Metadata-Version: 2.1
Name: bigbert
Version: 0.1.0
Summary: A deep learning model for the automatic classification of online educational materials.
Home-page: https://github.com/BSU-CAST/BiGBERT
Author: Garrett Allen
Author-email: garrettallen@u.boisestate.edu
License: UNKNOWN
Project-URL: Bug Tracker, https://github.com/BSU-CAST/BiGBERT/issues
Platform: UNKNOWN
Classifier: Programming Language :: Python :: 3
Classifier: License :: OSI Approved :: MIT License
Classifier: Operating System :: OS Independent
Requires-Python: >=3.6
Description-Content-Type: text/markdown
License-File: LICENSE.txt

# BiGBERT

BiGBERT is a pre-trained deep learning model that uses website URLs and their respective descriptions to identify educational 
resources.

## Installation

To begin using BiGBERT, install the PyPi package:

```bash
pip install bigbert
```

#### Important Note: #### 

The installation size of the package is relatively small, but the first time you instantiate an instance of BiGBERT, two large files need to be downloaded. Details for these files, and their sizes, are provided in the table below.

| File | Size | Purpose |
|---|---|---|
| edu2vec.txt | 5.2 GB | Word embeddings infused with educational standards domain knowledge. Used by the URL vectorizer component internally. |
| bertedu_1e-6lr.p | 438.0 MB | A BERT model fine-tuned with educational domain knowledge.
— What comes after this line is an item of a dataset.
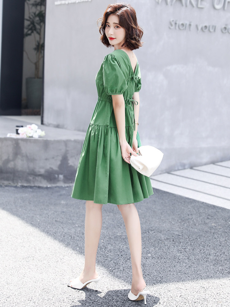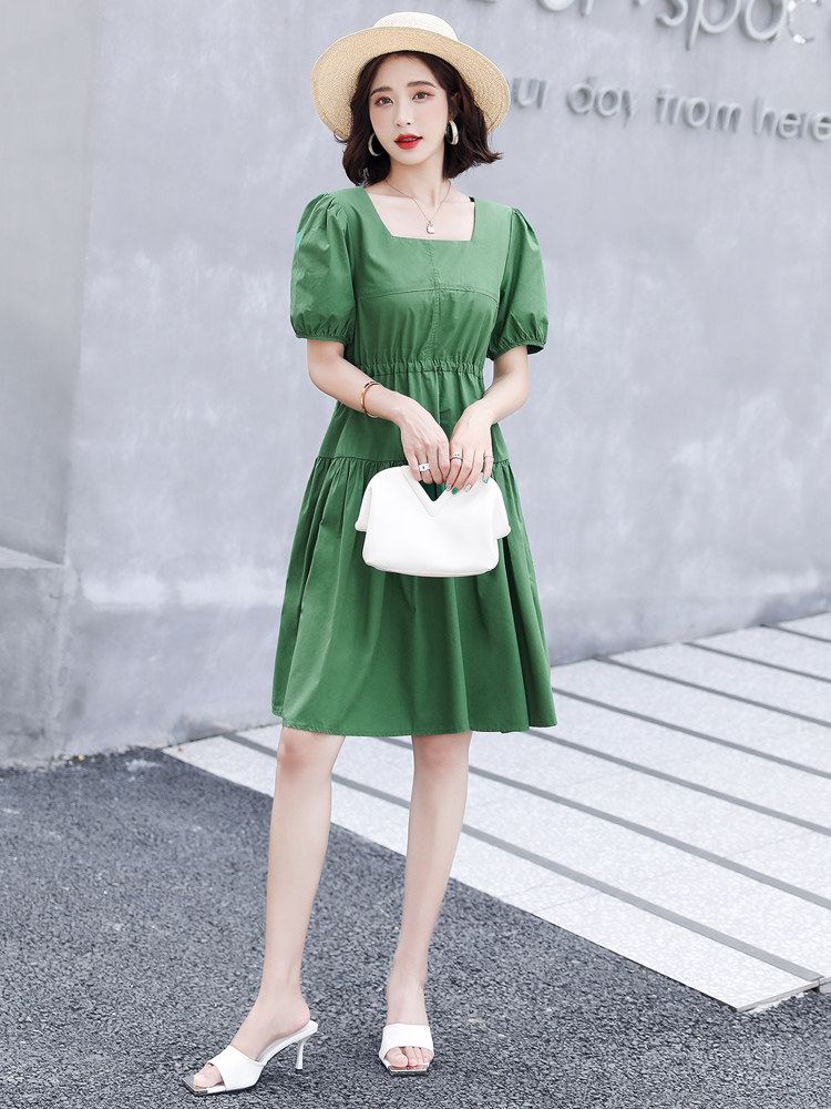 Платье, длинная юбка, французский стиль, квадратный вырез, рукава фонарики, коллекция 2021

Used for the snippet vectorizer internally. |

## Data Prep

BiGBERT expects a `pandas.DataFrame` as input with two columns: `"url"` and `"description"`. 


## Usage

```python
import numpy as np
import pandas as pd
from bigbert.bigbert import BiGBERT
from sklearn.metrics import accuracy_score

# This file should have "url", "description" along with "target" columns
data = pd.read_csv("some/data/file.csv")
y = data["target"]
X = data.drop(columns=["target"], inplace=True)

model = BiGBERT()
y_pred = model.predict(X)
print(accuracy_score(y, np.argmax(y_pred, axis=1)))
```


## **Citation**

If you use BiGBERT in a research publication, please include the following citation (provided in BibTeX format):

```
@inproceedings{allen2021bigbert,
  title={BiGBERT: Classifying Educational WebResources for Kindergarten-12$^{th}$ Grades},
  author={Allen, Garrett and Downs, Brody and Shukla, Aprajita and Kennington, Casey and Fails, Jerry Alan and Wright, Katherine Landau and Pera, Maria Soledad},
  booktitle={European Conference on Information Retrieval},
  pages={176-184},
  year={2021},
  organization={Springer}
}
```

## **License**

BiGBERT is available under the MIT License.